Critical Memcached SASL Vulnerability Fixed in Version 1.6.42

Memcached functions as a high-performance, multithreaded, event-based key/value cache store designed for distributed systems. Recently, the development team resolved a significant Memcached SASL vulnerability affecting older versions of the software. Specifically, developers discovered two critical timing side-channel flaws within the authentication subsystem. Both issues received a high severity rating with a CVSS score of 8.1. Therefore, administrators must upgrade their active deployments immediately to secure their caching infrastructure.

Understanding the Authentication Risks

To begin with, the first flaw tracks as CVE-2026-47783 and impacts username validation logic. In software versions before 1.6.42, username data for SASL password database authentication exhibits a timing side channel. This happens because a loop exits as soon as the system finds a valid username. Consequently, an attacker can analyze response times to enumerate valid usernames on the system.

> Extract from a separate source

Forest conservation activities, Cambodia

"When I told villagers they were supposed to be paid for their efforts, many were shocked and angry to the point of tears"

Furthermore, the second bug tracks as CVE-2026-47784 and targets the password verification phase. The password data contains a similar timing side channel because the function utilizes standard memcmp operations. As a result, malicious actors can systematically guess passwords byte by byte based on processing delays.

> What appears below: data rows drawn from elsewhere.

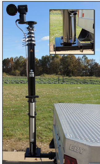
2" Hitch Mount
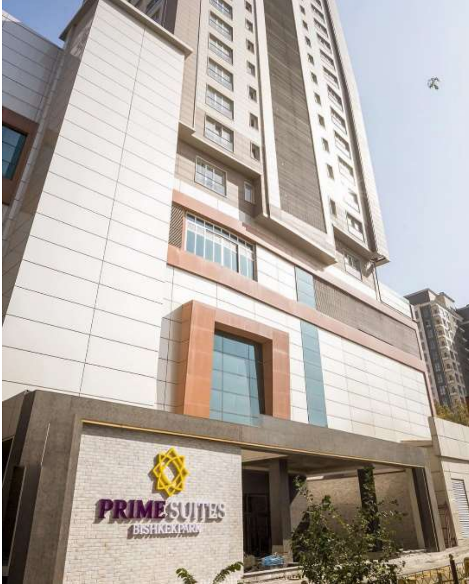
Prime Suites Residence

Prime Suites Residence is one of the tallest buildings in Kyrgyzstan with 24 floors and a total closed area of 12,500 m 2 , rising side by side to the Sheraton Bishkek Hotel on Bishkek Park Shopping Mall. The building, which has a total of 92 residences, has 7 different apartment types with housing options from 1 + 1 to 3 + 1. Prime Suites Residence provides rental services with 44 of these residences. Bishkek's first
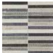
Blend Straight Stack
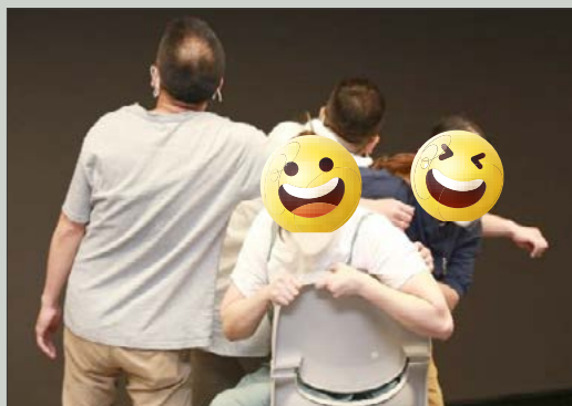
Drama performance by ex-drug abusers

In this regard, a series of therapeutic group sessions using non-verbal means was implemented, including fluid art, collage art, playback theatre, human library and photography. Service users' feedbacks were positive. During the 53 rd anniversary celebration of Caritas Lok Heep Club, their artworks were exhibited, they performed a drama and participated in experiential workshop. A total of 120 participants, including 22 representatives from 17 anti-drug organizations, participated in the programme, where they were able to experience our service users' transformation in codependency.
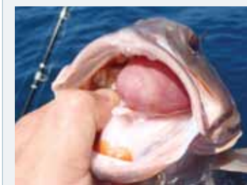
Everted, or protruding stomach

If you see any or all of these signs, the fish will probably need help descending, but sometimes the signs are not readily apparent. Only fish that are unable to swim back down should be subjected to additional handling. If the fish is actively fighting and attempting to swim down when it is brought to the surface it may not need help to be descended. Practice and experience will help you make the best decision.
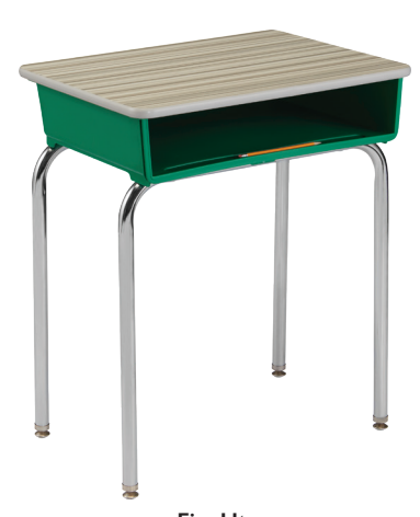
Fix. Ht. 1150EE2 - Standard Desk
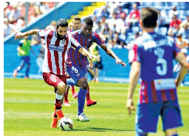
Atletico Madrid's Arda Turan (L) and Levante's Kalu Uche fight for the ball during their Spanish first division soccer match at the Ciudad de Valencia stadium in Valencia, Spain on 10 May, 2015.
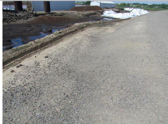
Looking northwest at unauthorized ramp on landward slope.
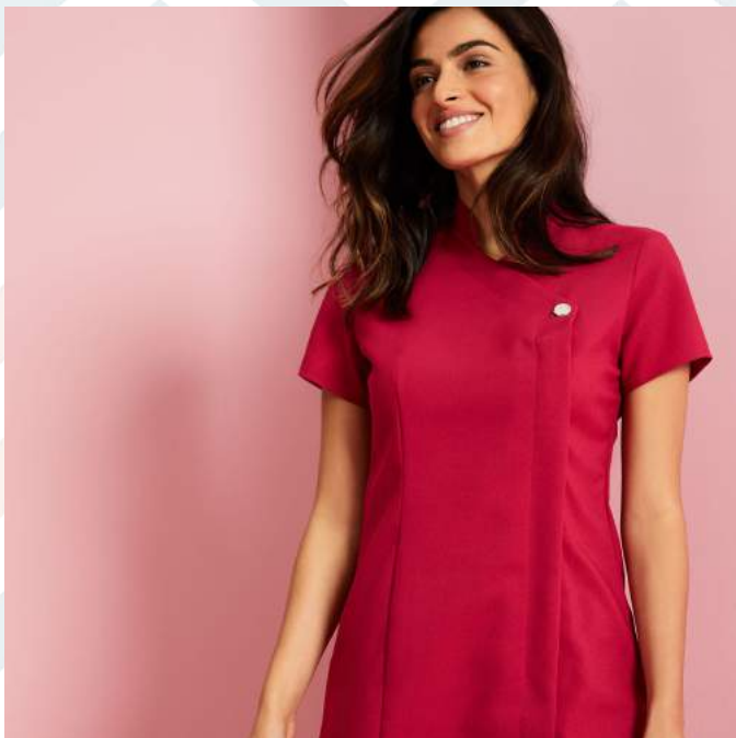
One Button Tunic, Hot Pink

Release Notes and Mitigation Steps

Fortunately, the release of Memcached 1.6.42 completely mitigates this dangerous Memcached SASL vulnerability. The new version resolves the timing side-channel bugs during SASL authentication. Additionally, the update delivers several other vital stability and security fixes. For instance, it addresses a signed overflow in bodylen for the binary protocol. It also remedies a data race during authentication reloads and prevents crashes from massive tokens.

In addition, the patch fixes memory underreads when nulling requests and addresses core crashes during slab reassignment. Ultimately, updating to version 1.6.42 ensures your distributed systems remain resilient against unauthorized access. Administrators should deploy this patch immediately across all production nodes.